SVN is capable to interact with a single epitope of Man-8/9 (Fig. 7.5e), similar to that of OAA (Fig. 7.2e). Interestingly, however, SVN is active at low nanomolar concentrations against T-tropic strains and primary isolates of HIV-1, but is 300-fold less effective against M-tropic strains (Bokesch et al. 2003). Also, unlike CV-N that inactivates the virus on contact (Boyd et al. 1997), the viral inhibition by SVN is reversible (Bokesch et al. 2003). Pretreatment and removal of SVN caused normal susceptibility to HIV infection in uninfected CEM-SS cells and a normal infectivity in cell-free virus (Bokesch et al. 2003). It is also worth pointing out (1) that an individual domain of SVN has been reported to possess anti-HIV activity, with Domain 1 exhibiting similar activity as the full-length protein, while Domain 2 was much less active (Xiong et al. 2006b), and (2) that the truncated individual domain of SVN loses activity when its N-terminus is changed (Xiong et al. 2006b). Although there is no doubt that SVN binds to oligosaccharides and thereby inhibits HIV infection, no crystal structure is available at present of a complex between the protein and its carbohydrate ligand.

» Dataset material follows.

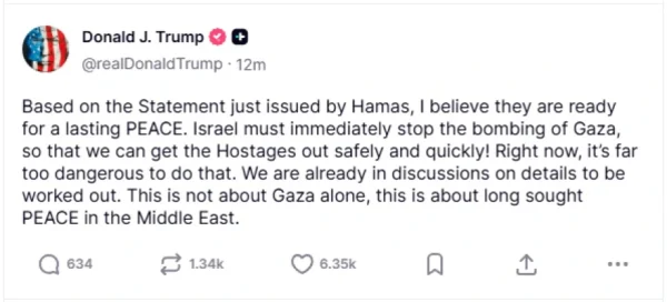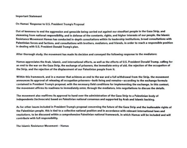 Σε δήλωσή της μέσω Telegram, η παλαιστινιακή οργάνωση ανακοίνωσε ότι αποδέχεται την πρόταση Τραμπ για παύση των εχθροπραξιών και είναι διατεθειμένη να απελευθερώσει όλους τους ομήρους με αντάλλαγμα τη διασφάλιση μόνιμης εκεχειρίας. Παράλληλα, δήλωσε πρόθυμη να παραδώσει τη διοίκηση της Λωρίδας της Γάζας σε παλαιστινιακό σχήμα ανεξάρτητων προσωπικοτήτων, χωρίς κομματικές δεσμεύσεις.

7.7 Microcystis viridis Lectin

Microcystis viridis lectin (MVL) is a 113 amino acid protein (~13 kDa) that was isolated from the freshwater bloom-forming cyanobacterium Microcystis viridis NIES-102 (Yamaguchi et al. 1999). The amino acid sequence of MVL comprises two highly homologous sequence repeats, SR1 and SR2, each containing 54 amino acids with about 50 % identity (Fig. 7.6a) (Yamaguchi et al. 1999). The two sequence repeats are joined by a five residue-linker (Fig. 7.6a). Up to now, the MVL protein sequence remains unique, as there is no significant similarity or homology to any reported protein sequences in the database.

Fig. 7.6
figure 6

Structure and carbohydrate specificity of MLV. (a) Sequence alignment of the first and second repeats of MLV. (b) The overall structure of SVN homodimer, drawn in ribbon representation. (c) Chemical structure of Man-9. (d) Surface representation illustrating the interactions between MLV homodimer and the Manα(1–6)Manβ(1–4)GlcNAcβ(1–4)GlcNAc tetrasaccharide in sites 1 and 2. (e) Detailed interactions between MLV and the Manα(1–6)Manβ(1–4)GlcNAcβ(1–4)GlcNAc tetrasaccharide in one of the four binding sites. (f) Schematic depiction of Man-9 binding by MLV

The crystal structure of MVL shows that the protein forms a stable, symmetric homodimer (Fig. 7.6b) (Williams et al. 2005). As expected on the basis of the observed sequence duplication (Fig. 7.6a), each monomer is formed by two similar domains, domains A and B. Each domain contains a three-stranded antiparallel β-sheet (formed by strands β1, β2, and β3 in domain A and strands β4, β5, and β6 in domain B) and a single α-helix that is packed against one face of the sheet (α1 and α2 located between strands β1 and β2 and between strands β4 and β5 in domains A and B, respectively) (Fig. 7.6a, b) (Williams et al. 2005). Three bulges in the β-strands, between residues 34–35, 40–41, and 44–45 in domain A and residues 93–94, 99–100, and 103–104 in domain B distort the normal twist of the β-sheet, such that it wraps around the α-helix. The interactions between domains A and B of a single monomer are very limited as the domain is boomerang-shaped, connected by residues 55–59 (Williams et al. 2005). Indeed, the long axes of the two domains are oriented approximately orthogonal to each other; and the C-domain can be superimposed on the N-domain by an ~180° rotation about an axis that bisects the angle between the two domains. In the dimer, two boomerang-shaped monomers interlock and each domain from one monomer contacts both domains from the second monomer (Fig. 7.6b).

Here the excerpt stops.